4.

「私もあれから仕事の合間を縫っては彼を探しているんだけれどね。まったく足取りがつかめないんだ。君がそのときの記憶を失うほどショッキングな出来事だった、そのうえ現実的な――人間社会的な事件性が上がらなかったとなると、妖が絡んでいるんじゃないかと踏んでいる」

 例えば、と真司さんはわずかに瞳を細める。

「暴走した妖になんらかをしかけられた、とかね。ただ、彼ほど力を持つ祓い屋がそう簡単にやられるとも思えないんだ」

「……真司さんは」

 腹の前で組んだ手をきゅっと握った。

「父がいなくなっただけだと思いますか」

 父を知っている人間に出会えたら、聞きたいことがふたつあった。

 ひとつは、その人から見た父はどんな人だったのか。俺は少しでも父について知りたかった。
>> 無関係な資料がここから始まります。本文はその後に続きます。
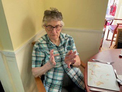 Our lovely resident remembering how to do cat’s cradle!

 そしてもうひとつは、父を知っている上にもし父がいなくなったことを知っている人がいたら。

 真司さんはわずかに首を傾げた。

「それは——満暈が命を落としている可能性の有無について問うている、ということでいいのかな」

 浅く頷けば、真司さんは瞳を伏せた。

「生きていると思うよ」

 それは先までの朗らかさを持ちながらも、静かで芯のある声だった。

「いや、生きていると信じたい、というのが一番正しい返答かな」

「信じたい」

「現場も見ていないし証拠もない。けれど、だからこそ、生きていることを信じたい。死体が出ない限り、私は信じたい。君は違うのかな」

「もちろん、生きていてほしいと思っています」

 俺も芯をもって答えると、真司さんは凛々しい眉を下げ、眦を緩める。

「そりゃあ、そうだよね。ごめんね、変なことを聞いてしまって」

「いえ、最初に質問したのは俺の方なので」

「椿さんもきっと同じ考えだから、世界中を探し回っているんだと思う。例え妖が視えずとも、この星のどこかにいるかもしれないと信じることをやめられないから。すごいね、愛というものは……なんて、ある意味ひとり取り残されている状態の君の前で言うのは酷な話かなもしれないけれど」

「いえ、俺も母のこと応援してる……といったら、なんだか変ですけど。決して、勝手とかそういうふうには思ってないですから。実際、母は俺がここできちんと生活できるように慮ってくれてますし、それに俺も……父が見つかったら、うれしいから」

 ふいに、大きな手のひら俺の頭に乗った。真司さんは眩しげ瞳を細めるとともに、俺の髪をそっと撫でた。

「本当に、立派に育ったものだね」

 知らない人に――真司さんとしては昔に会ったことがあるらしいが、俺は覚えていないから――成長を褒められるというのは、なんだか不思議な感じがする。

 ただでさえ、目の前に父を知っている人が二人もいるその片方は親しい間柄であったことが、もうすでに今までにない経験で、ずっと夢でも見ているような、内臓がわずかに浮いているような感覚がしていたというのに。

 なんというか、今日は一段と四月らしい一日だと思った。

 新たなことがはじまり、新たな出会いがある、浮き足立ちながらも不安定で落ち着かない四月らしい、と。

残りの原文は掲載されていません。